(This post has been authorised by Ruthie)
Geeklawyer is not one to bear a grudge. Honest. It’s true that he has had an unfortunate experience with the Nokia N800 Internet tablet. They show signs of making up for it with a great new toy: the Nokia N95 smartphone.
Geeklawyer has been sticking with a functional but dull Nokia 6230 awaiting the arrival of the N95. And he been doing so since September of last year.
The wait is over and, damn, it was worth it. It works seamlessly with Mac OSx unlike the crappy MDA Pro (Ruthie has just acquired an O2 XDA - the same inadequate model Geeklawyer has joyfully ditched). It has a 5 megapixel camera, high definition video, email, an FM radio, MP3 player and photo and video gallery. It has a proper sized earphone jack so one can use decent headphones and not the silly ‘phone only’ specials other phones have. It has a MicroSD slot with cards available up to 2Gigs. A fast USB2 connector allows for proper synchronization with a PC and one can synchronize over bluetooth or wireless.
Best of all it has an inbuilt GPS receiver. This takes some time to start up and hunt satellites, and this caused Geeklawyer some concern, but when it does start it is reasonably accurate for a GPS unit of this type and one can pay for download-able maps. Geeklawyer bought the UK maps.

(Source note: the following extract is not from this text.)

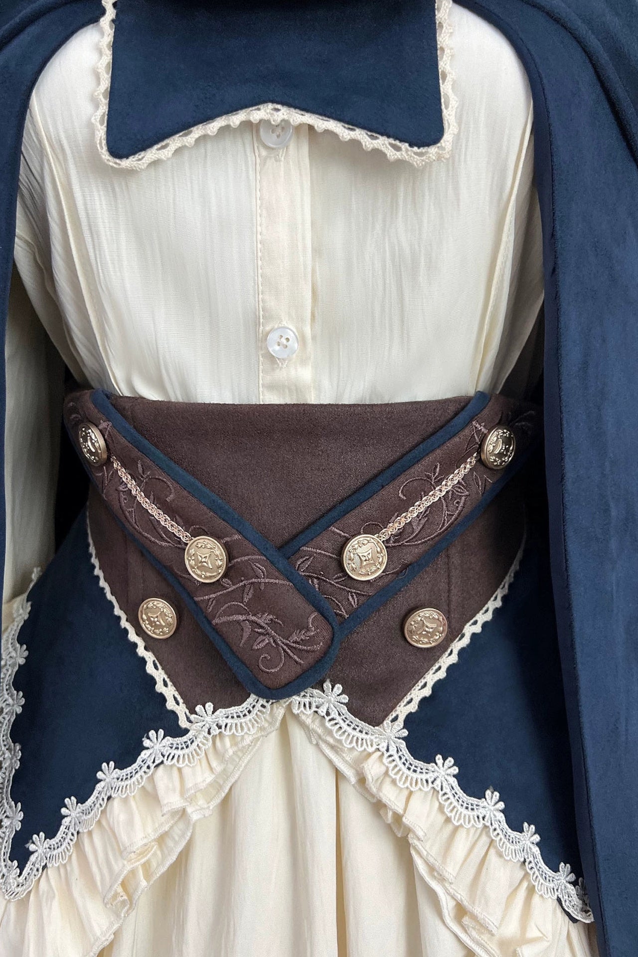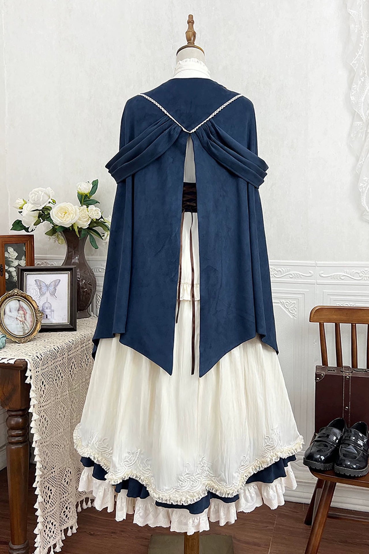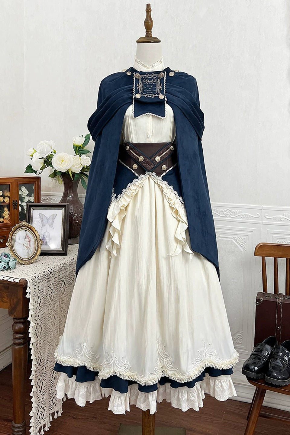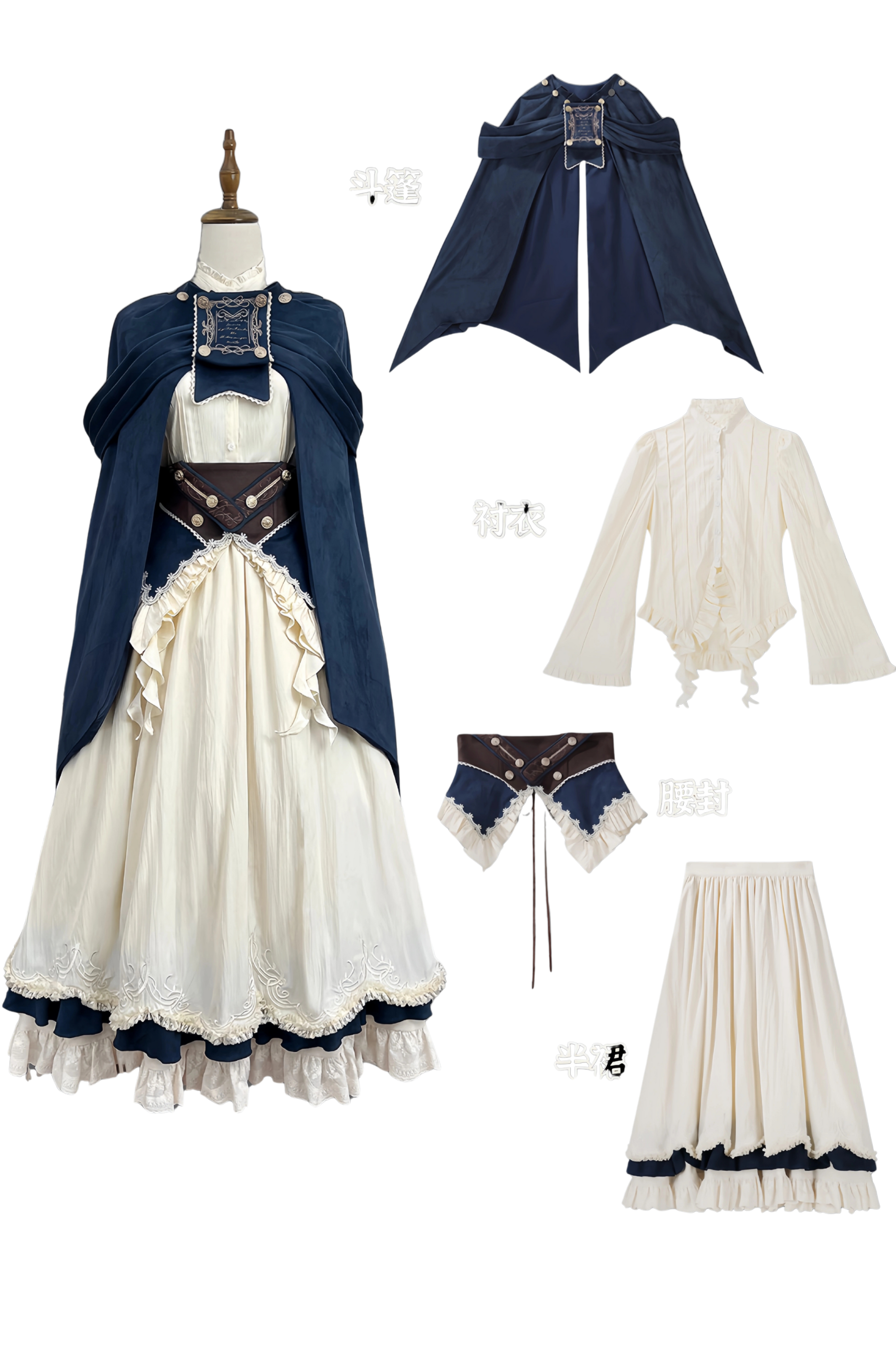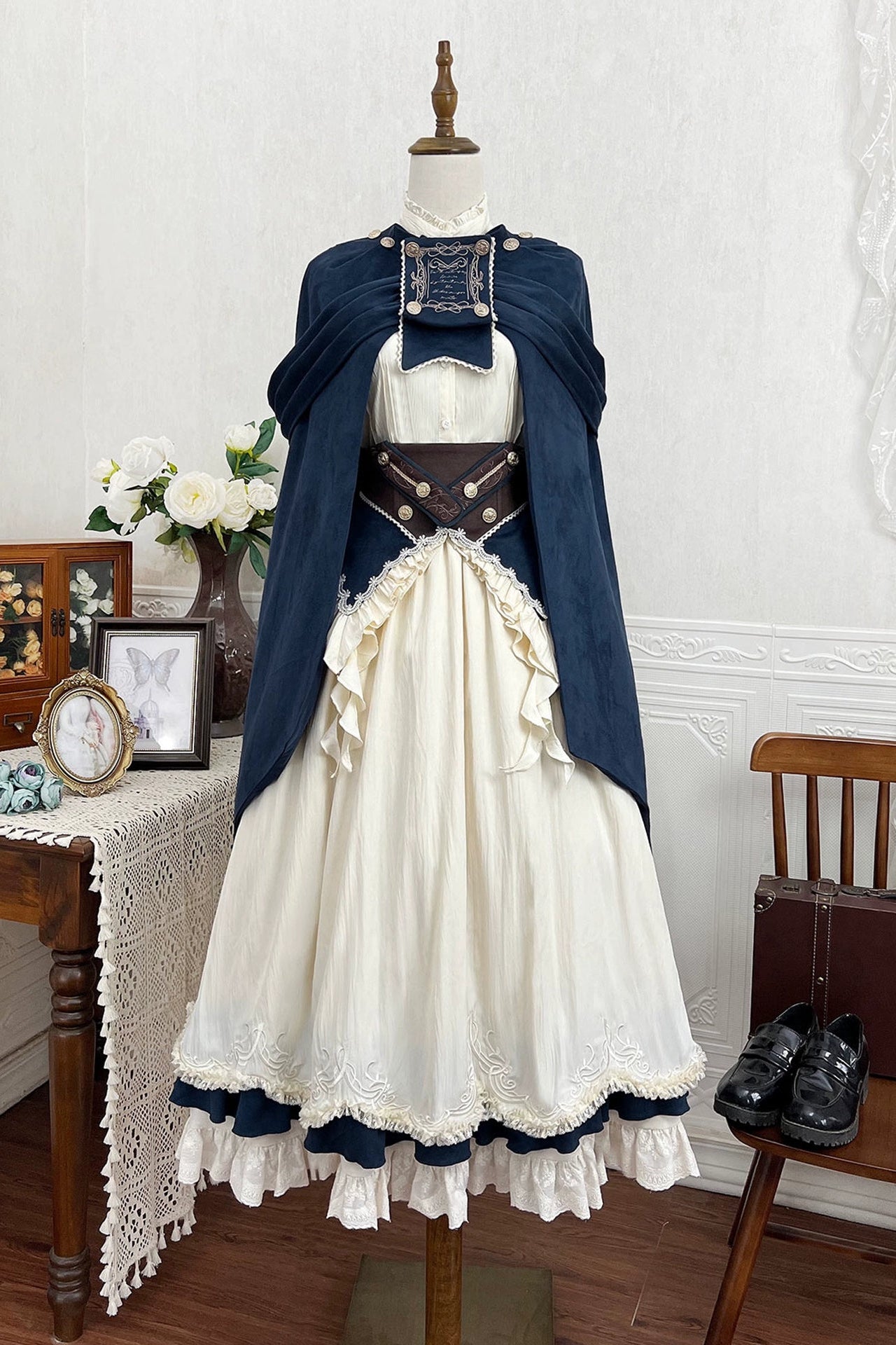エレガントガールヴィンテージミッドセンチュリーシャツ+スカート+ベルト+ケープ

This functionality was given a brief test and it worked well but Geeklawyer intends to take it hiking for a serious test.
On the connectivity front it has all bases covered: it has bluetooth and, wonderfully, Wi-Fi it is also HSDPA capable, one of only a handful of phones with it. HSDPA can give near broadband speeds when there is decent coverage: pages downloaded in a flash and it’s capabilities as a Mac Powerbook modem lead Geeklawyer to regard this as the best breed of smartphone available so far: the MDA Pro has a better size of screen but the N95 has a superior browser: Opera.
This is a truly excellent phone and well worth the wait. Provided it doesn’t screw up in the next few weeks Geeklawyer may be prepared to forgive the N800 fiasco.
Sounds like a decent piece of kit, what are the roaming download charges like though….
Ah, the roaming charges. I suspect I will still be anally raped on those!
This looks like a pay-per-post. Hard times in chambers, GL?
Fair enough. Not a fan personally of the combined devices. I prefer to lug around a small phone (not a Blackberry, though) with Exchange email capabilities (for work - gmail for everything else), and then take a PDA with me when I need all the bells and whistles (Dell Axim x51v is my current model).
If you use the camera and GPS, however, I can see how the n95 would be appealing.
There is a minimalist school of phones but I’m not signed up. I was using the GPS this morning for example when out walking - very swish indeed: not useful but at the weekend when I’m hiking it’sll be interesting to see how useful it is.
Again, the camera is a 5 megapixel unit (yes pixel count isn’t a good indicator of quality) and very handy when I cant have a decent camera with me.
I just got one and I was told to get a new battery, as it won’t last long, especially if you use 5 Megapixels camera, etc.
It still annoys me that Nokia did not get the transfer of sim and phone memory data to work as smoothly as Sony Erricson did for e.g. non-windows software users.
I had no problem transferring old sim stuff so I don’t have an opinion. I am hacked off their is no OSx version of the connectivity suite and if you plug it into A Mac it doesn’t show up as a USB drive. At the moment I have to use PCSuite on my PC games machine: PCSuite didn’t seem to work in Parallels. I’ll hunt for an Opensource PCSuite equivalent someone must have done a hack.